EXERCISE DESCRIPTION: Within the entries below, please return exactly the lines from the one with "3、过程中界面的左上角会记录着玩家的成绩,完美、卓越、失误等。" through the one with "Alrededor de medio", leaving out any pictures.

ENTRIES SHOWN:
|---|

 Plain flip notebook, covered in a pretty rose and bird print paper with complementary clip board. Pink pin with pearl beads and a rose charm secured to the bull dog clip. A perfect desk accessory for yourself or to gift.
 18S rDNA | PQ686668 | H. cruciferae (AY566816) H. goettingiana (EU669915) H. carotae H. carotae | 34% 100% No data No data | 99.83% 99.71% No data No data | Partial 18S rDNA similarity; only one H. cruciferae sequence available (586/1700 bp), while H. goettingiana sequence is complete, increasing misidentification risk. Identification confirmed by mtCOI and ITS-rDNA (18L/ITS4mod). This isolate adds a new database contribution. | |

|---|

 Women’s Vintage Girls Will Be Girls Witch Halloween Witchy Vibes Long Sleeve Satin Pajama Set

|---|

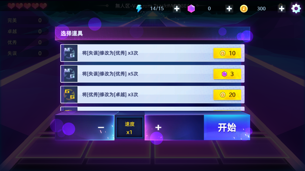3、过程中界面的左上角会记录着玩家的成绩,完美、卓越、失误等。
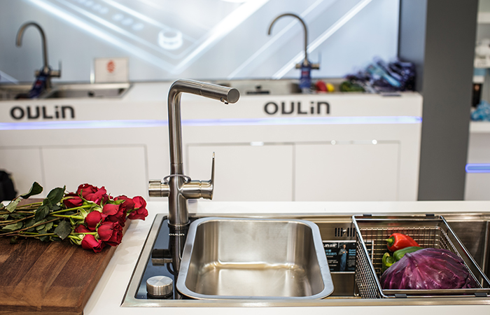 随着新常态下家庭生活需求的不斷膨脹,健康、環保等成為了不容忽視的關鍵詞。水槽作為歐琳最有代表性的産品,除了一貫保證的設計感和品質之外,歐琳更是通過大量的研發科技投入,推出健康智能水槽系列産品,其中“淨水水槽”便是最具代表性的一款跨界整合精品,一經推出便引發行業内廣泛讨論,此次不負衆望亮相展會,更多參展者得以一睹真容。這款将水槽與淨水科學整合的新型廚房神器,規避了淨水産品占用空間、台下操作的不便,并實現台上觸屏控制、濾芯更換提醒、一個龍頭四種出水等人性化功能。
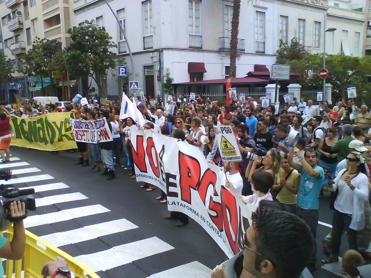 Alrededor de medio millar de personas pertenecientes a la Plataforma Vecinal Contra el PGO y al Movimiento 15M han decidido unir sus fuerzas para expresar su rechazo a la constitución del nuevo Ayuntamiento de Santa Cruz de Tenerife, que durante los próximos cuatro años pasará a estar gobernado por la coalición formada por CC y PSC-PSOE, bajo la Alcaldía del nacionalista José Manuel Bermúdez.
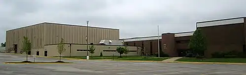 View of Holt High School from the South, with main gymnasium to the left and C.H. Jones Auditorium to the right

|---|

YOUR RESPONSE:
3、过程中界面的左上角会记录着玩家的成绩,完美、卓越、失误等。
 随着新常态下家庭生活需求的不斷膨脹,健康、環保等成為了不容忽視的關鍵詞。水槽作為歐琳最有代表性的産品,除了一貫保證的設計感和品質之外,歐琳更是通過大量的研發科技投入,推出健康智能水槽系列産品,其中“淨水水槽”便是最具代表性的一款跨界整合精品,一經推出便引發行業内廣泛讨論,此次不負衆望亮相展會,更多參展者得以一睹真容。這款将水槽與淨水科學整合的新型廚房神器,規避了淨水産品占用空間、台下操作的不便,并實現台上觸屏控制、濾芯更換提醒、一個龍頭四種出水等人性化功能。
 Alrededor de medio millar de personas pertenecientes a la Plataforma Vecinal Contra el PGO y al Movimiento 15M han decidido unir sus fuerzas para expresar su rechazo a la constitución del nuevo Ayuntamiento de Santa Cruz de Tenerife, que durante los próximos cuatro años pasará a estar gobernado por la coalición formada por CC y PSC-PSOE, bajo la Alcaldía del nacionalista José Manuel Bermúdez.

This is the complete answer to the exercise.